Poluski v. Glen Alden Coal Co.

Decision Date03 May 1926
Docket Number51
Citation133 A. 819,286 Pa. 473
PartiesPoluski v. Glen Alden Coal Co., Appellant
CourtPennsylvania Supreme Court

Argued April 12, 1926

Appeal, No. 51, Jan. T., 1926, by defendant, from judgment of C.P. Luzerne Co., July T., 1924, No. 1142, and March T. 1925, No. 567, affirming decision of Workmen's Compensation Board, allowing claim in case of Eva Poluski v Glen Alden Coal Co., Affirmed.

Appeal from decision of Workmen's Compensation Board awarding compensation. Before FULLER, P.J.

The opinion of the Supreme Court states the facts.

Decision affirmed. Defendant appealed.

Error assigned was, inter alia, judgment, quoting record.

Judgment affirmed at the cost of appellant.

Elmer D. Adair, with him Evan C. Jones and J. H. Oliver, for appellant. -- Since no one saw this accident, the only testimony relating to the happening itself is the unsworn declarations of the deceased to members of his family when he arrived at his home, to various neighbors and to the doctors who attended him several days later: Smith v. Coal & Iron Co., 284 Pa. 35; Riley v. Steel Co., 276 Pa. 82; Onofrey v. Collieries Co., 274 Pa. 173; McCauley v. Woolen Co., 261 Pa. 312.

Roger J. Dever, with him George J. Llewellyn, for appellee, cited: Zukowsky v. Coal & Iron Co., 270 Pa. 118; Smith v. Stoner, 243 Pa. 57; Van Eman v. F. & C. Co., 201 Pa. 537; Riley v. Steel Co., 276 Pa. 82; Grobuski v. Koal Co., 80 Pa.Super. 349; Leary v. Gibson Co., 3 Dep. R. 1619; Guyer v. Gas Co., 279 Pa. 5.




Deceased, an employee of Glen Alden Coal Company, was injured January 4th, and died March 14th. The Workmen's Compensation Board found the injury to have been incurred during the course of employment and awarded compensation. That was affirmed by the court below.
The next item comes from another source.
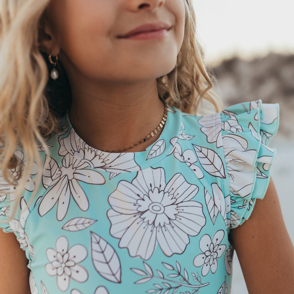 Oopsie Daisy - Mint Floral 1pc Open Back Ruffle Swimsuit

On this appeal the company challenges the award for the reason that there was no competent evidence to sustain the finding of a compensable injury.

Appellee's claim was that a piece of rock, coal or lumber fell on deceased's foot while he was either topping off a car or working with mine props. The great toe was severely injured; blood poisoning set in shortly after the accident and from it death resulted. The evidence, while not of the convincing character of many of the cases, is sufficient to sustain the inference of an injury in the course of employment. Seceased went to work "entirely well"; at or about 11 o'clock he was seen on the premises in an injured condition. He then told a fellow workman, who was employed in the same gangway at the mines, how the injury occurred. It was in the following language. "Q. In what condition did you find Poluski when you went over there? A. I asked him about the timber and he came over this way indicating that he was limping when he walked over and I asked what was the matter, and he said, 'I finishing finger,' indicating his toe. Q. Did he tell you how it was done? A. He said he finished his finger, indicating his toe. Q. Did he tell you what finished his toe? A. He didn't say, he just said he finished it." That this witness's testimony was in relation to an accident in the mines is shown to some extent in the cross-examination of David Jones, an employee of appellant. Claimant's physician and appellant's medical man in charge of the work testified: "Q. Did you ask him how he had come to hurt it? A. Yes, sir. Q. What did he say? A. He told me he hurt it in the mines on the 4th of January, 1923. Q. You treated him after that? A. Yes." This evidence was admitted without objection.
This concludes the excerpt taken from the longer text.